- Opening Delimiter -

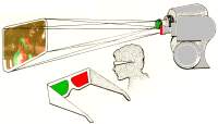 1853 entwickelt der Naturwissenschaftler Wilhelm Rollmann das Anaglyphenverfahren (Anaglyph = reliefartig, ziseliert, erhaben), und (unabhängig von Rollman) 1858 J. Ch. D'Almeida. Jedes Halbbild wird jeweils mit einer Komplementärfarbe übereinander projiziert oder gedruckt und mit einer Brille in genau diesen Farben betrachtet.
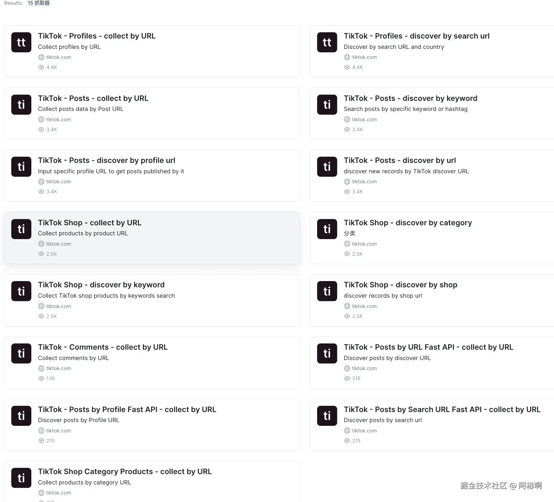 | 14 | TikTok - Posts by Search URL Fast API - collect by URL | 通过搜索 URL(利用快速 API)发现帖子 |
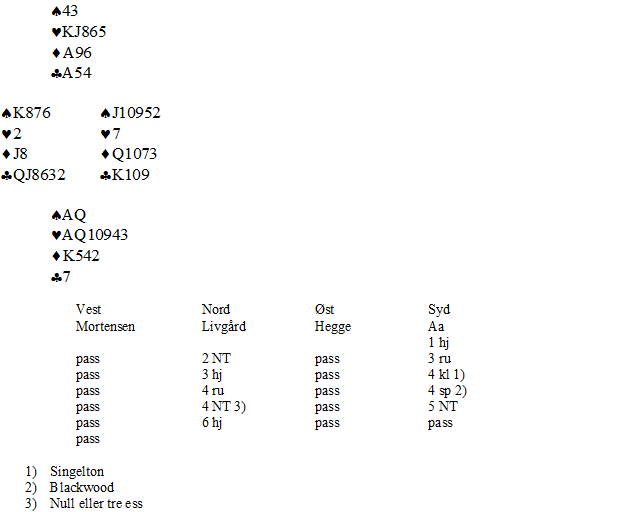 Men i øst satt det en våken motspiller i Kristoffer Hegge. Han la ruter dame da det ble spilt liten ruter fra blindemann! Dermed ble ikke vest innspilt på sin single knekt! Spillefører stakk med kongen og spilte ny ruter. Den kunne Kristoffer stikke, og spille spar for en bet!

- Closing Delimiter -

• Task directions: Pictures are to be dropped, and the remaining data set down exactly.

• Solution for this exercise:
 1853 entwickelt der Naturwissenschaftler Wilhelm Rollmann das Anaglyphenverfahren (Anaglyph = reliefartig, ziseliert, erhaben), und (unabhängig von Rollman) 1858 J. Ch. D'Almeida. Jedes Halbbild wird jeweils mit einer Komplementärfarbe übereinander projiziert oder gedruckt und mit einer Brille in genau diesen Farben betrachtet.
 | 14 | TikTok - Posts by Search URL Fast API - collect by URL | 通过搜索 URL(利用快速 API)发现帖子 |
 Men i øst satt det en våken motspiller i Kristoffer Hegge. Han la ruter dame da det ble spilt liten ruter fra blindemann! Dermed ble ikke vest innspilt på sin single knekt! Spillefører stakk med kongen og spilte ny ruter. Den kunne Kristoffer stikke, og spille spar for en bet!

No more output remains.